Any experiences with that?
I’m happy for any answer
Many Thanks and best regards
kippis
Frank
May 27th, 2010 at 2:07 pm
Hello,
I’ve configured two rules to public SIP and RTP protocol.
When I try to connect one softphone to my voip server I can’ t. I have seen in my stonegate these logs:
Connection closed by inspection.
How I can fix it?
Best Regards,
June 9th, 2010 at 1:36 pm
ciao, i have a problem with stonegate 5.0.0.
i have added a new user with own password (VPN client), but when i try to connect with VPN dont accept new user.
we have ‘User DB replication ‘active but maybe i need to reset user DB.
question: we have 2 nodes….
should i reset all 2 cluster node?
if i reset user DB replication can i lose some information or not? and which information i can lose with reset ‘user DB replication?
thanks in advance
June 10th, 2010 at 3:07 pm
Hello Stesoo,
Click on your Firewall, and select the “Nodes” to see the status.

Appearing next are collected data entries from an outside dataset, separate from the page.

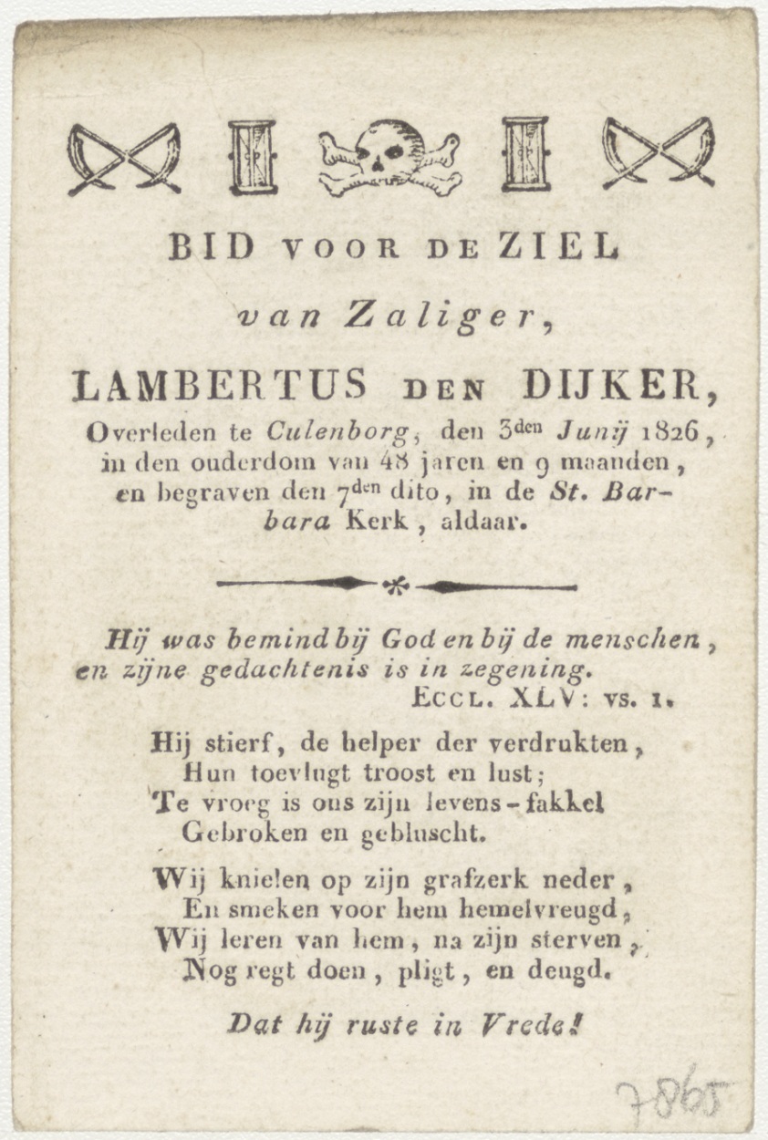 H. Fiacre, kz. Bid voor ziel Lambertus den Dijker (+1826), Culemborg
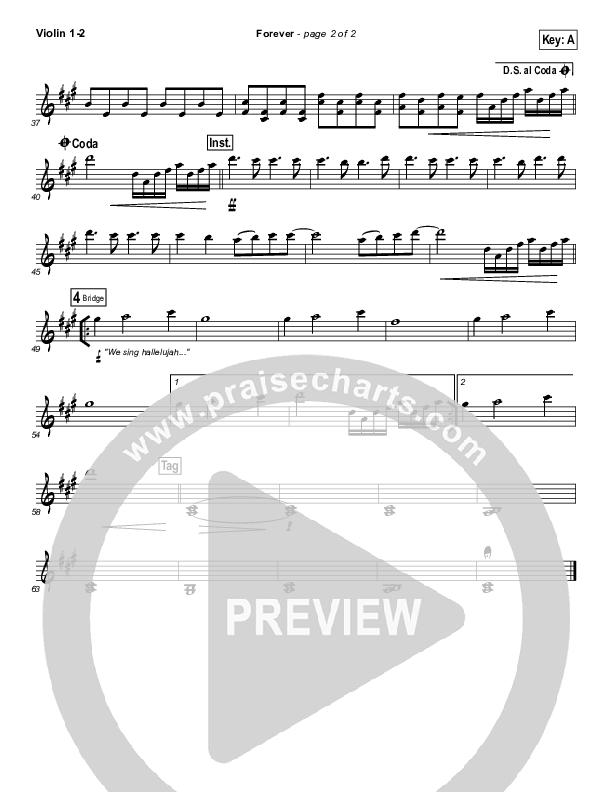 Download the Violin sheet music for Forever by Bethel Music / Brian Johnson, from the album Tides. This song was arranged by Daniel Galbraith in the key of A, Bb.
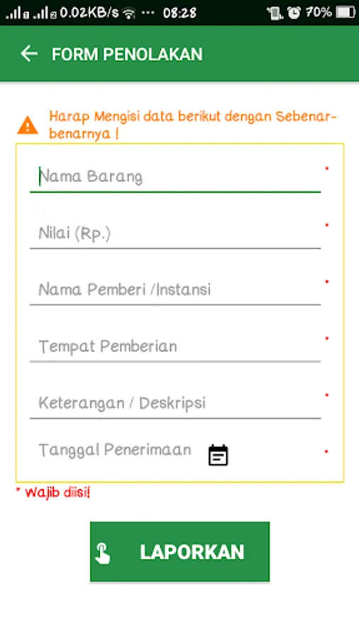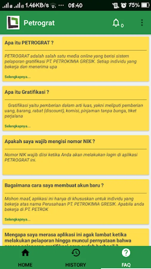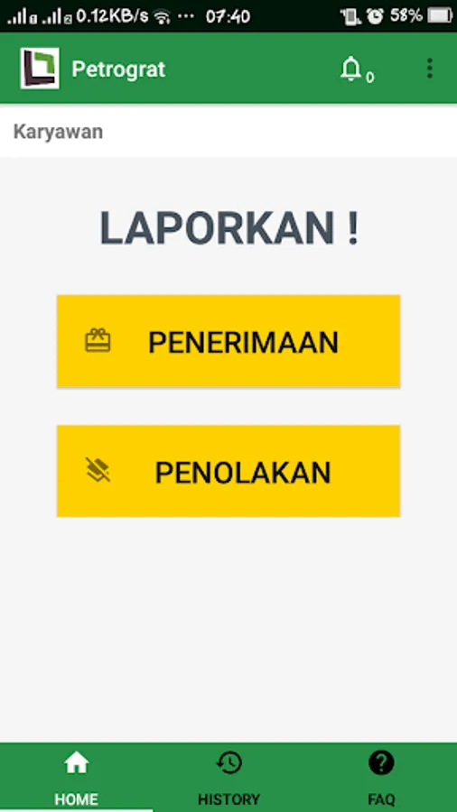 An application of an online reporting system gratification that can be used by employees PT.Petrokimia Gresik. Users can perform reporting, get historical reporting, get notifications of goods and also see faq.
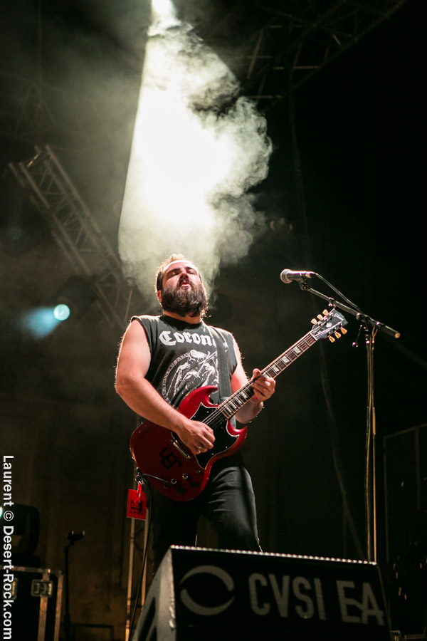 Les français de Lysistrata enchaînent sur la petite scène. Le vent en poupe, les trois jeunes musiciens développent une énergie scénique absolument emballante. Le public ne s’y trompe pas, qui lui réserve un accueil plus que chaleureux. Musicalement, on pense à un mélange de At The Drive In, The Dillinger Escape Plan, à la sauce rock indé frenchie, pied au plancher. Ça joue bien, très bien, c’est très saccadé, et les morceaux sont bien foutus. Derrière ces éléments tout à fait objectifs et factuels… ça manque un peu de gras et de poil à mon goût : le package « jean’s slims/ourlets – rasés de près– guitare et basse calées bien trop haut sous les aisselles – cheveux bien dégagés derrière les oreilles – son clair» a un peu détaché le vieux con blasé qui sommeille en moi. C’est complètement subjectif et un peu honteux, c’est vrai. Sans remettre en cause le talent du groupe (et son potentiel pour les années à venir) j’ai lâché l’affaire très vite pour me caler au 1er rang de la grande scène et attendre le groupe suivant…
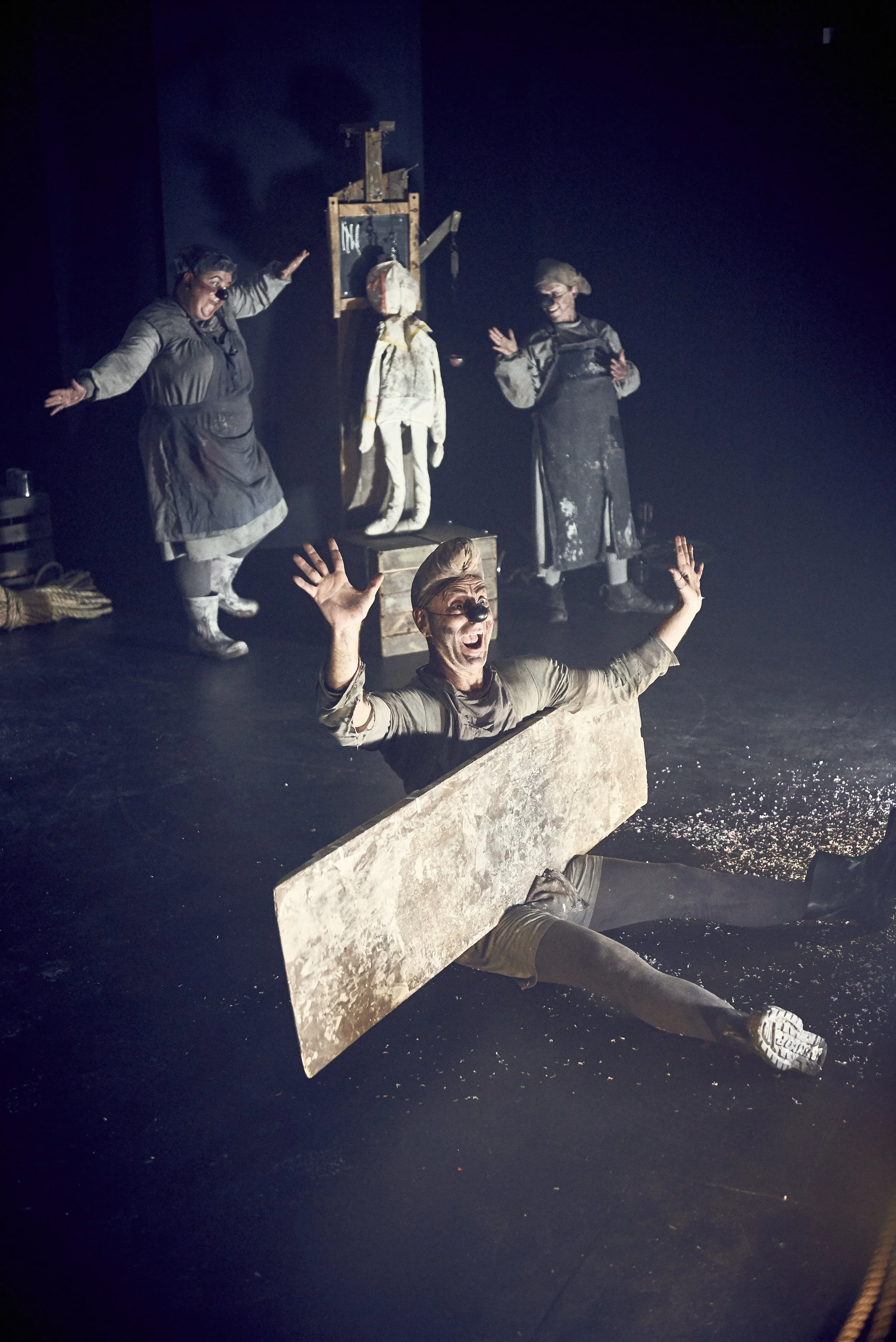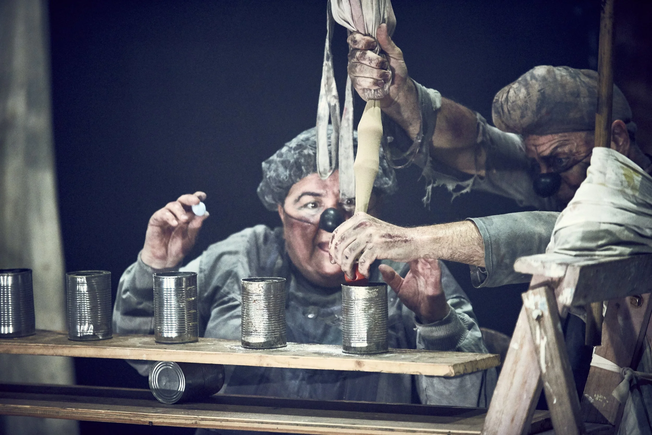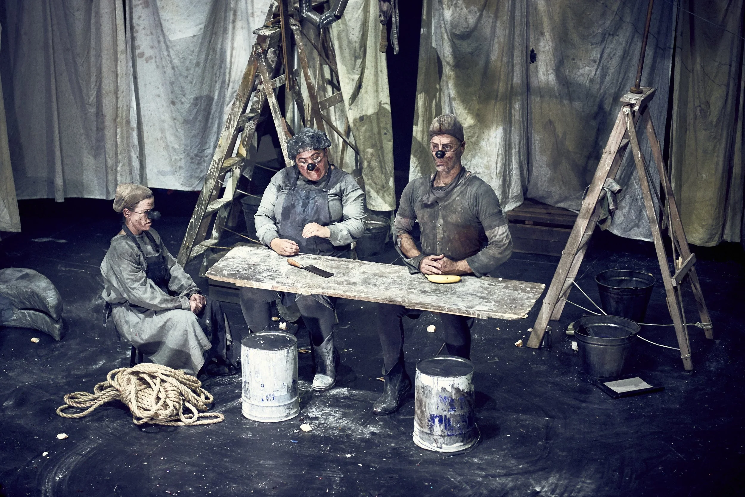 Materialising out of the darkness a grimy trio shuffle ritualistically in circles, sharing verbalisations and unpacking an impressive collection of paraphernalia to set up a very serious production line. Immediately I am reminded of some of the well-known trios in the history of entertainment, like Macbeth’s witches, or even the Three Stooges. It’s recognizable in the physical language these artists share, and how they hold themselves as a consequence of the visceral and embodied way in which they work.

“User DB” says “OK” there.
Now rightclick on the Firewall, select “Options/User DB replication”. The User DB now shows”Disabled”.
If you now select “Options/User DB replication” again, the status goes from “Pending” to “Connecting” to “OK”. All local users are now synchronized again.

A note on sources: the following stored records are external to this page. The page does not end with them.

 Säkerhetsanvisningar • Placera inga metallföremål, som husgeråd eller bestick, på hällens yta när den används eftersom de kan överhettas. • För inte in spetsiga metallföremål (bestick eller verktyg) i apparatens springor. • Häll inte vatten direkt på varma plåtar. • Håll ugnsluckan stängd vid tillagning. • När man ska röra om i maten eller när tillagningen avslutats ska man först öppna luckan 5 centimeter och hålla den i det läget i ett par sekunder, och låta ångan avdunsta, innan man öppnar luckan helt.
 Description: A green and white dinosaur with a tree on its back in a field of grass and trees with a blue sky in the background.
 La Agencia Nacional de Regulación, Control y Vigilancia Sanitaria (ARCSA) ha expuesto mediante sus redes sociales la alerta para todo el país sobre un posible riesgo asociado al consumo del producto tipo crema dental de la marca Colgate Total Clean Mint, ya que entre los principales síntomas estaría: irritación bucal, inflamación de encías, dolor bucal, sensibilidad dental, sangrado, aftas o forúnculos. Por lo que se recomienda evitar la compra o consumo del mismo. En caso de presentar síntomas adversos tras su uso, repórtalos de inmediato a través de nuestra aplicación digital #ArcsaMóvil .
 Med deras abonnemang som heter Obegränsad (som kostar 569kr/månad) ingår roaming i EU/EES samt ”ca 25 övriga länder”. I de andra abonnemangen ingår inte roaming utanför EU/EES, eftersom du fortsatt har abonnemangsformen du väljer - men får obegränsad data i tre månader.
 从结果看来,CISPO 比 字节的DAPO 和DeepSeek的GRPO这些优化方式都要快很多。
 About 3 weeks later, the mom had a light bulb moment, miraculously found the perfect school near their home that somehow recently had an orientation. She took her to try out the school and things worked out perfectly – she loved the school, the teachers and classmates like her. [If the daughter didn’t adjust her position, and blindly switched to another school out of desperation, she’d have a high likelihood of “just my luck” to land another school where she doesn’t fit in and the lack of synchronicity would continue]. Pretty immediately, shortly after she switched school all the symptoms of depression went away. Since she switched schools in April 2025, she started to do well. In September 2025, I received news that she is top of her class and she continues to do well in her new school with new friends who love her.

I don’t know when the SMC synchronizes themselves, it will in time. But this will definately resync.
I guess authentication during “Disabled” and “Pending” state is not possible, at my site this is approx. 20 seconds.
June 11th, 2010 at 8:10 am
thanku for ur answer,
if i select reset db user, user take my new password, but if i use ur suggest have no effect.
now, a problem is that i must reset everytime user db to synchronize user db.
some solution?? please……
June 16th, 2010 at 10:36 pm
@stesoo — Personally, first I would upgrade since you are many versions behind and most of the time upgrading will resolve your issue.
The other thing I would do is search the support website. You can either put in a search term to try and find anything that might explain your issue. Or, and this is my favorite method, you can simply select ‘Know Issues’ under Document Type and hit submit.
Now you can search your version for both your engines or SMC and see if they is anything relating to that by clicking the version your using and search the page.
It also provides you the extra benefit of realizing how many versions have been released and if you a close to the latest version.
July 11th, 2010 at 11:02 am
I’ using StoneGate_IPsec_VPN_5.0.2.202; it worked until some days ago, but now when i try to connect to the gateway it gives the following error:
Failed to acquire virtual ip address
I tried to reinstall but it does not work anymore. Why?
July 20th, 2010 at 6:00 am
I would like to block torrent data download. Any Ideas how can I do this with Stonegate FW? Ideally I would apply it for a particular internal VLAN so that students cannot use the laptops to download .torrent at home then download load data at school
thanks
August 17th, 2010 at 2:19 pm
hi i’m novice in stonegate and i have a problem.
i want to connect 2 computers in different vlan for example
pc1 192.168.3.2/24
pc2 192.168.4.2/24
i have to connect both with a stonegate firewall in virtual
so the first interface connected to pc1 have this address 192.168.3.1/24 (i put them in the same vlan)
and those connected to pc2 have 192.168.4.1/24 as address(same vlan).
so i managed the configuration of the appliance with adequate policies
and the ping between the firewall’s interfaces and the computers connect
on him pass but the ping between the two computers doesn’t pass.
Please i need help
August 18th, 2010 at 2:01 pm
hello i resolve my problem…
September 16th, 2010 at 4:10 pm
@sshoaib — You would need to use the IPS to really resolve your issue. The firewall does not handle all the combinations you need.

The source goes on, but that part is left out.